ギイイイ・・・と重いドアが開く音が聞こえ、固いヒールの足音が近づく。美恵だ。

「美恵さん」

「いやだ・・・由梨、なんてイヤらしいの??」

 下着こそかろうじてつけているものの、身体を紅潮させ、全身を余すところなく晒しているその姿は、美恵ですら驚くほどの淫靡さだった。

 由梨をここに捕らえてから2時間ほど、おそらく由梨はそのほとんどを気絶して過ごしたはずだが、この部屋の温度と湿気は、その間ずっと由梨を責め苛んだに違いない。

「さっきは苦しかったでしょう?もっとも、今もだろうけど・・・。この部屋で貴方はこれから、気が狂うほどの羞恥を味わうことになるの」

 美恵が現れたことで、由梨に安堵の表情が浮かんだのを美恵は見逃さなかった。

 (安らいではだめ・・・連続的に羞恥心・背徳心を壊すことが今回の目的なんだから・・・)

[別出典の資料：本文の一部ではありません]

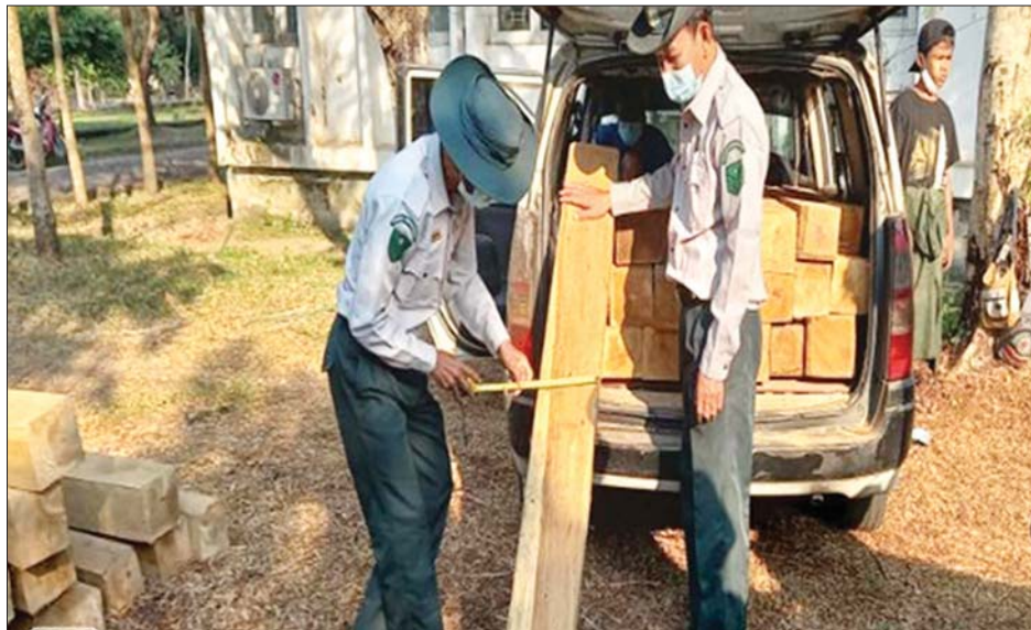
စုစုပေါင်း ခန့်မှန်းတန်ဖိုးငွေကျပ် ၁၆,၁၆၁,၀၀၀ ကို ဖမ်းဆီးရမိခဲ့ပြီး အကောက်ခွန်ဥပဒေနှင့်အညီ အရေးယူဆောင်ရွက်လျက်ရှိသည်။

ထပ်မံ၍ ရှမ်းပြည်နယ် တရားမဝင် ကုန်သွယ်မှုတိုက်ဖျက်ရေး အထူးအဖွဲ့၏ စီမံခန့်ခွဲမှုဖြင့် ချင်းရွှေဟော် ကုန်သွယ်ရေးစခန်း၌ ပူးပေါင်းစစ်ဆေးရေးအဖွဲ့မှ စစ်ဆေးမှုများ ဆောင်ရွက်ခဲ့ရာ တရားမဝင်အားကစားပစ္စည်းများနှင့် လက်ကိုင်ဖုန်းအပိုပစ္စည်းများ (ခန့်မှန်းတန်ဖိုးငွေကျပ် ၃,၁၆၁,၀၀၀) နှင့် အဆိုပါပစ္စည်းများ တင်ဆောင်လာသော မော်တော်ယာဉ်တစ်စီး ခန့်မှန်းတန်ဖိုးငွေကျပ် ၁၃,၀၀၀,၀၀၀

「女は、いろんな物事に対して恥ずかしいっていう気持ちを持つものなの。心細いような、誰かにすがりたいような、そんな気持を、貴方に心の底から感じてほしい。」

美恵は細い指先を、由梨の首筋に這わせながら続けた。

「全てを引き出してあげるからね。逃げ出したくなると思うけど、私の顔でも思い浮かべて耐えて。今回は、私は、しつこいからね。覚悟は決まってると思うけど・・。」

「わかった?」

最高の笑顔を由梨に見せながら、美恵は尋ねた。由梨は美恵の笑顔に疑いを持つことなどできない。

(美恵さんが喜んでくれる・・・私には美恵さんを求めることしかできないんだから、もっと喜んでほしい、私と出会ったことを幸せに思って欲しい。私・・・、私・・・)

(・・・美恵さんにお仕えしたいんです)

「はい。狂わせて・・・ください。」

 最後の言葉だけを声に出さずに呑み込み、別の言葉で向かい合った。

「そう。じゃぁ、がんばってね。大好きよ。由梨」

そう言い残すと、由梨を置いて美恵は出て行った。